VANCOUVER 2010 WINTER OLYMPICS
M.O.: Convert athlete housing to residential housing (just make sure it works first)
Many people know about the Olympic Park crisis which put Montreal in debt for 40 years post games. (Also to note: this is an incredibly enjoyable guardian article.) Learning from its sister city’s mistakes, Vancouver aimed to convert its 2010 Winter Olympian Village to condos and town homes as North America’s first LEED gold community under the helm of the Millennium Development Group. And ok, it wasn’t that easy. First the city tried to repurpose these athlete dorms as housing, then had a hard time selling them and had to slash their prices, and then tenants complained of problems such as leaks, alleged hardwood floors bubbling after exposure to moisture (from a shower?), and cracks in the walls. As with many other Olympic-themed structures, construction was rushed, liable to crumble the moment the last medal was won. The Millennium Development Group refurbished and shined it up, and now not only is it a nice example of a sustainable mixed housing type community, it is also home to two adorable beavers. By April 28, 2014, the City of Vancouver had paid off its $630 million debt, and made an additional $70 million. Not great, but not bad either.
SYDNEY 2010 SUMMER OLYMPICS
M.O.: Build outside the city for minimum disruption, and if you’re lucky, you’ll get a brand new suburb too
In 2000, Sydney hosted the Summer games, and built a massive Olympic athlete village in the suburb of Newington. During the building process, eco-friendliness measures were emphasized. The Au Property Observer says: “Environmental sustainability was heavily pushed by the Olympic committee, and every home came with solar panels and water recycling facilities, features that still exist. When it was built, the suburb was the largest solar-powered suburb in the world. Waste water is treated and redirected to the neighboring wetland which was restored as part of the project.” Post-games, Newington was sold to a private owner, and its evolution from athletic village to green-space laden, quaint and sustainability-minded suburb was complete. It currently holds over 5,000 residents and nearly 1,000 homes.
TO THE FUTURE! RIO SUMMER OLYMPICS 2016
Possible M.O.: Modular venues make for waste not, want not?

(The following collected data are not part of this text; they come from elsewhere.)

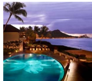
オーキッドを配したプール (ハレクラニ<ハワイ>)

また、海を臨み、ハレクラニの象徴であるオーキッドを配したプール、温泉を利用した新しいウェルネスプログラムが体験できるスパ、日本発のユニークなダイニングエクスペリエンスが楽しめる4つのレストラン、バーなど、多彩な施設をお楽しみいただけます。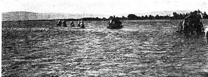
Переправа черезъ Кара-Дарью.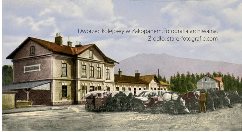
Dworzec kolejowy w Zakopanem, fotografia archiwalna.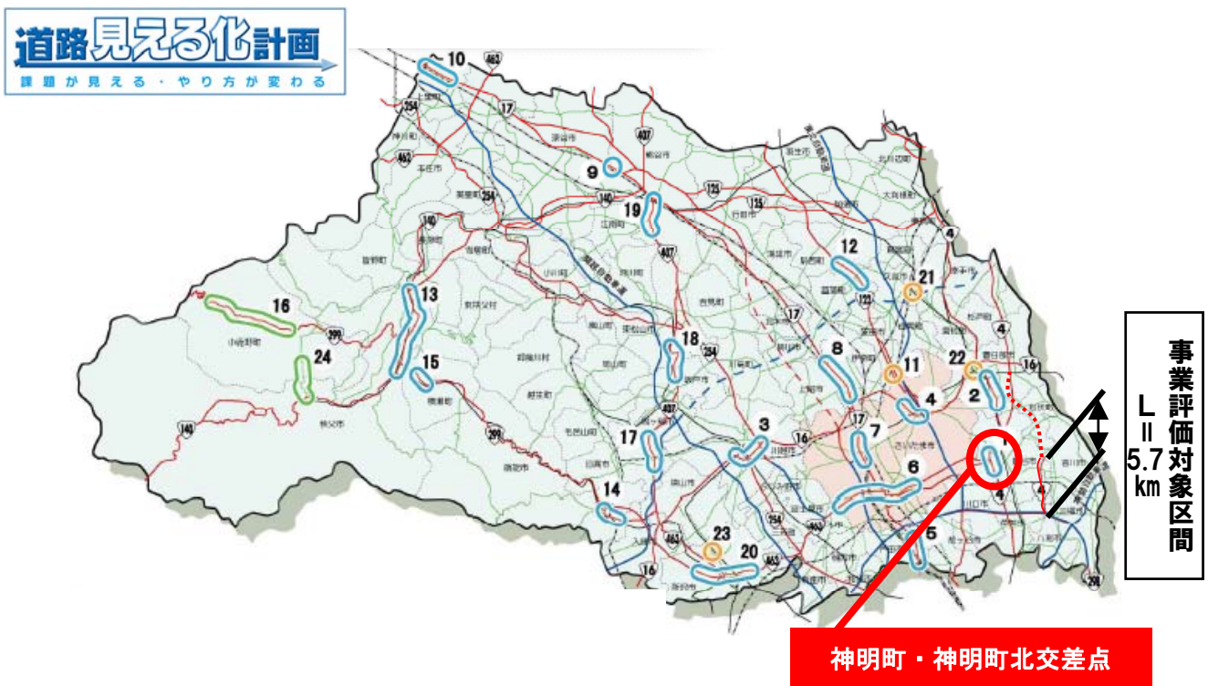
図 埼玉県移動性見える化プランにおける渋滞ポイント

今回の事後評価は、平成16年に開通しました八潮市八條 やしおしはちじょう ～吉川市川藤 よしかわしかわ までの5.7kmの区間が対象です。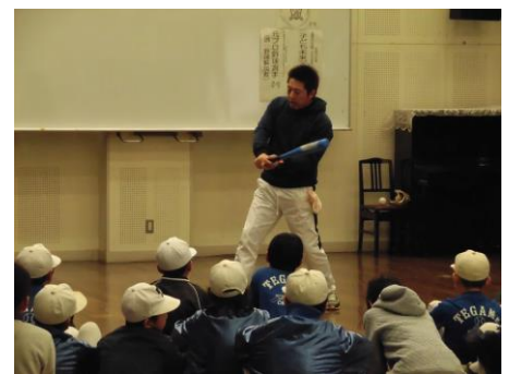
講話も実技もためになりました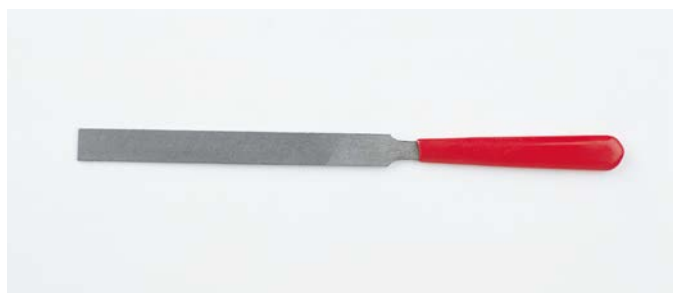
規格表 STANDARD TABLE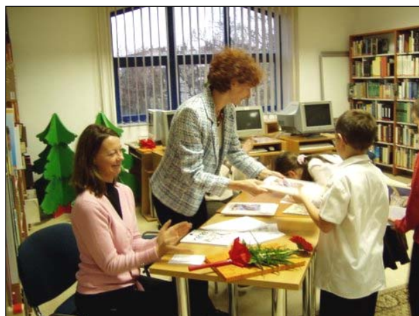
A Pais Dezső iskola tanulóinak műsora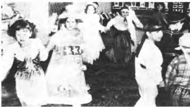
Dzieci podczas balu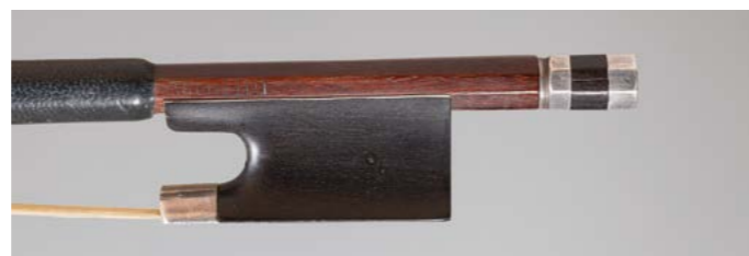
N° 42 Archet de violon de Charles Nicolas BAZIN Fait vers 1890, signé « Lupot », monté argent. 60g4. Bon état.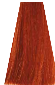
INTENSE COPPER MEDIUM BLOND biondo rame intenso blond moyen cuivré intense rubio medio cobre intenso loiro acobreado intenso

Planted squarely in Barra de Tijuca, a developed if not off-center neighborhood in Rio de Janeiro, a city of over 6 million, the approach to the 2016 Olympic Park stadiums is one of modularity. Pieces are built with the intent of making them easy to dismantle and reassemble for future projects, with nary a wrecking ball required. Which sounds great! The parts of The Future Arena, an Olympic handball and Paralympic goalball arena—will be used to create four schools in three different neighborhoods on the East Coast. The 300-acre Olympic Park itself will fall away into public parks and private housing. At least, that’s the plan. We can see this in London’s Aquatic Centre or its temporary structures in parks, so hope remains for Rio’s post game plan. Temporary, modular and pop up structures are certainly gaining in popularity, and they make building within an already packed city just a little easier—especially if the materials go back into that same city instead of appearing on a taxpayers invoice and diverting from public improvements. Hopefully Rio will stick to its plan, and the multi-billion dollar 2016 Olympics will not go the way of the Arena de Amazonia, referenced in a recent article on how the $550 million sports stadium constructed for the 2014 world cup is now struggling to schedule events, and mostly sits as an extravagant mistake.